Ook de in de ROZ-modellen opgenomen jaarlijkse huurprijsaanpassing is slechts eenzijdig belicht. Alleen een stijging van de huurprijs is mogelijk, een verlaging van huurprijs is uitgesloten. Niet ongebruikelijk is dat huurder en verhuurder overeenkomen dat onderhandelen over de mate waarin de indexering zal worden toegepast. Zo kan worden overeengekomen dat de indexering aan een bepaald maximum is gebonden.

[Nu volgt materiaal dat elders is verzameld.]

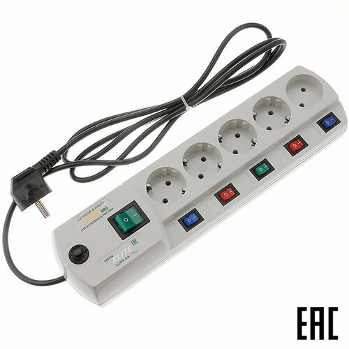 Сетевой фильтр Most ERG 4 роз. "евр" + 1 роз. 2м серый 10А 350Дж СЗП Энергия
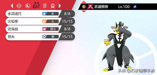 解析:武道熊师拥有550的超高种族值,并且攻击一项的种族值很高,速度也不差。光凭这面板就有了进入对战的入场券。
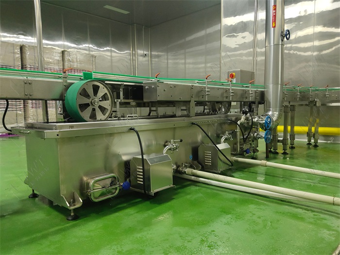 清洗 -> 2. 去皮 -> 3. 打漿/破碎 -> 4. 調(diào)配 -> 5. 融糖 -> 6. 均質(zhì) -> 7. 預(yù)熱 ->8. 空罐卸垛 -> 9. 空罐清洗(高壓噴淋) -> 10. 空罐吹干/瀝干 ->11. 自動(dòng)灌裝 -> 12. 抽真空/蒸汽噴射(排除罐頂空氣) -> 13. 真空封口 ->14. 殺菌 -> 15. 冷卻 -> 16. 吹干(去除表面水漬)-> 17. 噴碼 -> 18. 貼標(biāo) -> 19. 自動(dòng)開箱 -> 20. 自動(dòng)裝箱 -> 21. 自動(dòng)封箱 -> 22. 機(jī)器人碼垛 -> 23. 成品入庫(kù)
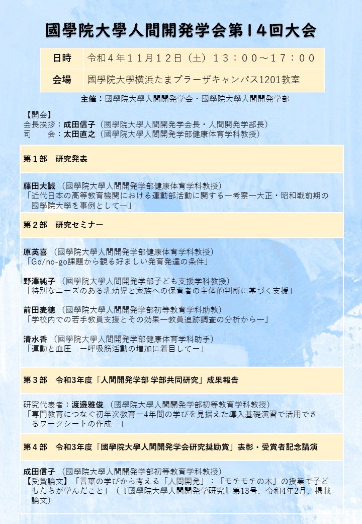 | 問い合わせ | 主催:國學院大學人間開発学会・國學院大學人間開発学部 |

Voorts is in het meest recente ROZ model voor winkelruimte opgenomen dat de huurder gehouden is om de verhuurder alle kosten, schade en rente te vergoeden ingeval de huurovereenkomst tussentijds eindigt, ook in geval van faillissement van huurder of aan huurder verleende surseance van betaling. Onder die kosten en schade wordt onder meer de verschuldigde huurprijs met omzetbelasting over de resterende overeengekomen huurtermijnen verstaan. Het kan natuurlijk zijn dat de verhuurder het pand vrij snel weer heeft verhuurd. In dat geval is het niet redelijk dat huurder alle resterende overeengekomen huurtermijnen nog moet betalen.

Conclusie
Deze voorbeelden laten zien dat het ROZ-model geen "middle of the road" model is dat na onderhandelingen tussen (organisaties) van huurders en verhuurders tot stand is gekomen. Het belang van de verhuurder staat centraal. Het is voor huurders dan ook niet aan te raden dit model "ongezien" te tekenen. Het woord zegt het al, als model c.q. leidraad kunnen het modelcontract en de bepalingen prima dienen, maar maatwerk en dus onderhandelen over het contract blijft geboden. De huidige huurdersmarkt biedt daarbij voor de huurder goede mogelijkheden!